2.     Remove the savings rules in universal credit to allow more people to access it.

3.     End the five week wait by converting emergency payment loans to grants. As there is usually a five-week wait for the first universal credit payment, emergency payment loans are available to those who are struggling. These loans, however, must be paid back from future payments. Repayment of these loan pushes already low benefits payments even lower. Any existing emergency payment loans should be converted to grants, and the advance payment system should now be used to make the first payment (as a grant) as soon as possible.

4.     Raise the basic level of universal credit. In future, we would like to see a more earnings-based model, but this is too difficult to introduce swiftly. We therefore propose a higher rate, paid quicker, under the current system. £260 a week represents 80 per cent of the national living wage, or 47 per cent of total average weekly earnings, which we believe is a reasonable replacement rate. Even to restore the basic level to its pre 1980s replacement rates would require the current rate of £94 to be almost doubled to £165 a week. For existing claimants, payments can be topped up automatically, and the benefit cap should be lifted to account for this. While we propose £260, we do realise there are other suggestions out there, such as the NEF’s support for using the  Minimum Income Standard of £221 per week[1] The JRF have called for the single person’s allowance to be raised to £150, at a cost of £5billion for three months. 3

5.     Significantly increase Child Benefit payments. Child Benefit is the simplest, quickest and most effective way to get money to households with children. The level has long been too low. This payment would also recognise the additional costs many parents will face with having children at home because schools are closed.

6.     Ensure nobody loses out as a result of these changes. As previously mentioned, the benefits cap should be lifted so that these increases do not just mean a change in the composition of the benefits someone receives. As well as this, no one on legacy benefits should lose the protection of the managed transition to UC as part of this change. 4

7.     Remove the minimum hours requirements in working tax credits. Families still claiming tax credits must work a minimum number of hours to be eligible. This rule should be removed with immediate effect so workers who have had their hours cut as a result of this crisis do not lose out on their entitlement to tax credit payments as well.

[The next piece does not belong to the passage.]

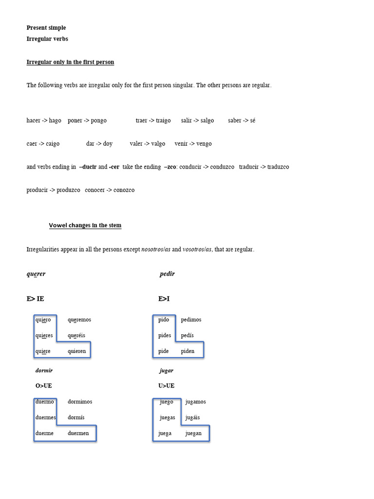 Irregularities appear in all the persons except nosotros/as and vosotros/as, that are regular.

While these emergency measures are temporary for however long coronavirus lasts, we do not expect a return to the current system after these measures end. Instead, this is the start of a wider conversation of how we reform universal credit: a policy that has persistently proved its critics correct and already pushed too many people into poverty and hardship.

A wider package of support for households

Alongside this, we reiterate our call for a wider support package that helps household finances, with a particular focus on reducing household costs.

We have called on government to create a coronavirus response taskforce, made up of unions, businesses and government agencies. We suggest the government consults this taskforce on the best way to get financial support to households.

Our suggested measures include:

  • A fully funded council tax freeze, as well as council tax debt payments. This will provide financial relief for households, as well as guarantee councils still get the money from council tax. The freeze will also allow councils to use the hardship fund for more discretionary support, rather than council tax bill deductions
  • The £500 million hardship fund must be substantially increased. The current level is insufficient and will need to be expanded in order to help everyone affected by coronavirus
  • A package of support for renters.